### YOUR ASSIGNMENT
Find the line with "Ket Foto : Masyarakat" in the entries below, then output every line from it down to the line with "お天気に恵まれた日は、みんな", exactly and with no pictures.
─── EXTRACTED MATERIAL ───
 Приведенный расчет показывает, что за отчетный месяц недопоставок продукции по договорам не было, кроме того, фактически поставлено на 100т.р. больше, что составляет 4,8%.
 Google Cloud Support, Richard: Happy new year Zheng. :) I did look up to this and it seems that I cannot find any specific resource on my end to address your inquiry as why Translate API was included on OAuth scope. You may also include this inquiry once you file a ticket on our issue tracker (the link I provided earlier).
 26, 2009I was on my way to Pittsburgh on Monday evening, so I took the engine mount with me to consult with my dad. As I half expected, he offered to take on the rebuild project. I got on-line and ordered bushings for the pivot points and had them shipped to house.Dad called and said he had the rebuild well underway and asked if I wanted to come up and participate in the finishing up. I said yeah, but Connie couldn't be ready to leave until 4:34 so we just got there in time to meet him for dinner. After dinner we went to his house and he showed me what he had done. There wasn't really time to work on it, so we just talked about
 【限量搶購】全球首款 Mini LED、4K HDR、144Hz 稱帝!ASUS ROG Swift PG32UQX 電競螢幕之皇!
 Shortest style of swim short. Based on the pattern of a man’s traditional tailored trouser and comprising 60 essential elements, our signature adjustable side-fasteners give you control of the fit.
───
─── EXTRACTED MATERIAL ───
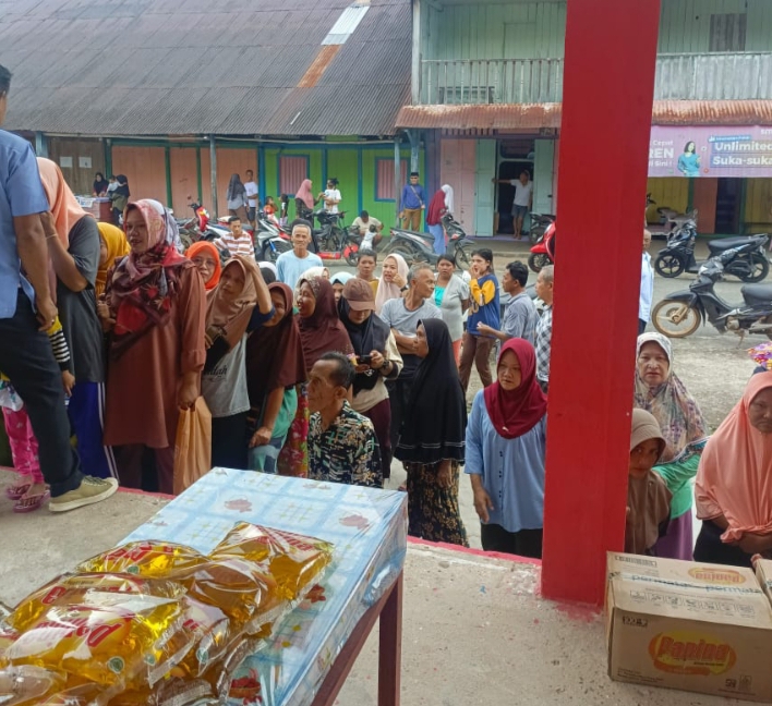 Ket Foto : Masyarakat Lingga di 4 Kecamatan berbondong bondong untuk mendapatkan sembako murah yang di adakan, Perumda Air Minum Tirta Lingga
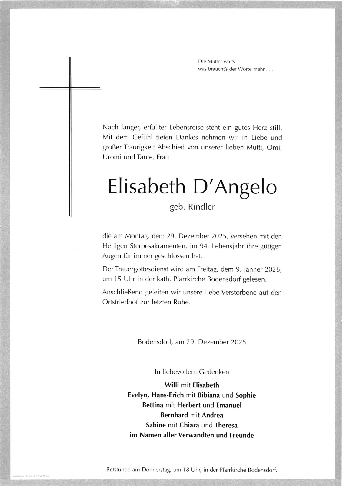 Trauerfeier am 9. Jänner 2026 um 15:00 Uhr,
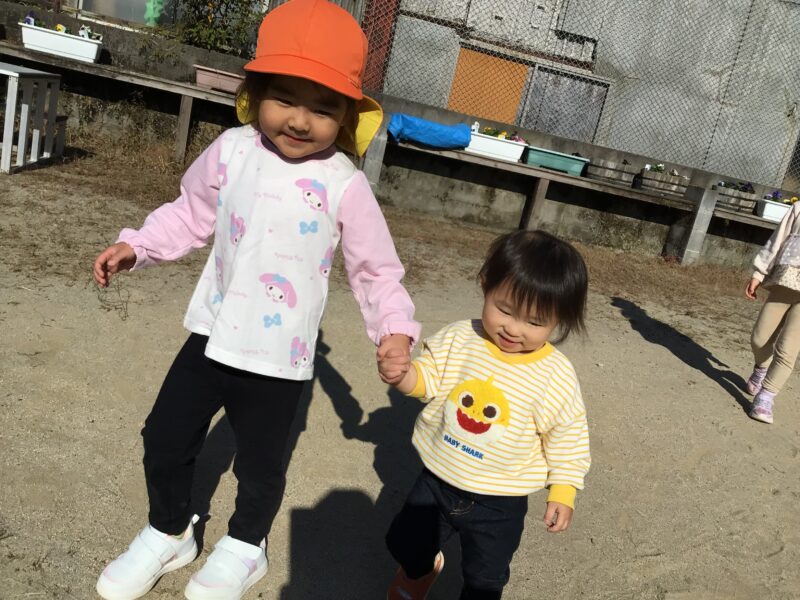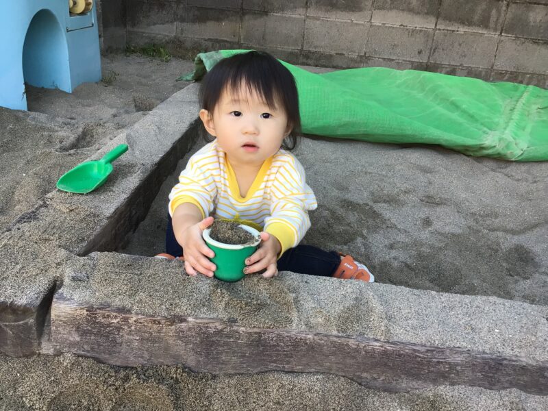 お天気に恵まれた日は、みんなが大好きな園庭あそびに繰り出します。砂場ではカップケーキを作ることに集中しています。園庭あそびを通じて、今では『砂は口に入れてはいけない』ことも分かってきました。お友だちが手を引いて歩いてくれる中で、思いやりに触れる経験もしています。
───
─── EXTRACTED MATERIAL ───
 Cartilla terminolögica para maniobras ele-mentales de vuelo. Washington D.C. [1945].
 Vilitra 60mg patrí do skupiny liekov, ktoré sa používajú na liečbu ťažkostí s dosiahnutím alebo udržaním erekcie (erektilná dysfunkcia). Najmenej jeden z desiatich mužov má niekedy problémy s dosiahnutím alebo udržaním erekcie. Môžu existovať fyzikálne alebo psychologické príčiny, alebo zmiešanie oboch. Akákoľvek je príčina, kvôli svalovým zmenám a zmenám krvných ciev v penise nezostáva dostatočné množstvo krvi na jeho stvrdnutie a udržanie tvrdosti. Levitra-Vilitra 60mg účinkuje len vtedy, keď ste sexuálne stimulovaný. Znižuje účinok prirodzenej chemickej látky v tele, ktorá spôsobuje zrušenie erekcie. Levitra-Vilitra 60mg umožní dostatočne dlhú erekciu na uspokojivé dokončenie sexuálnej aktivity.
───
### EXERCISE ANSWER
 Ket Foto : Masyarakat Lingga di 4 Kecamatan berbondong bondong untuk mendapatkan sembako murah yang di adakan, Perumda Air Minum Tirta Lingga
 Trauerfeier am 9. Jänner 2026 um 15:00 Uhr,
 お天気に恵まれた日は、みんなが大好きな園庭あそびに繰り出します。砂場ではカップケーキを作ることに集中しています。園庭あそびを通じて、今では『砂は口に入れてはいけない』ことも分かってきました。お友だちが手を引いて歩いてくれる中で、思いやりに触れる経験もしています。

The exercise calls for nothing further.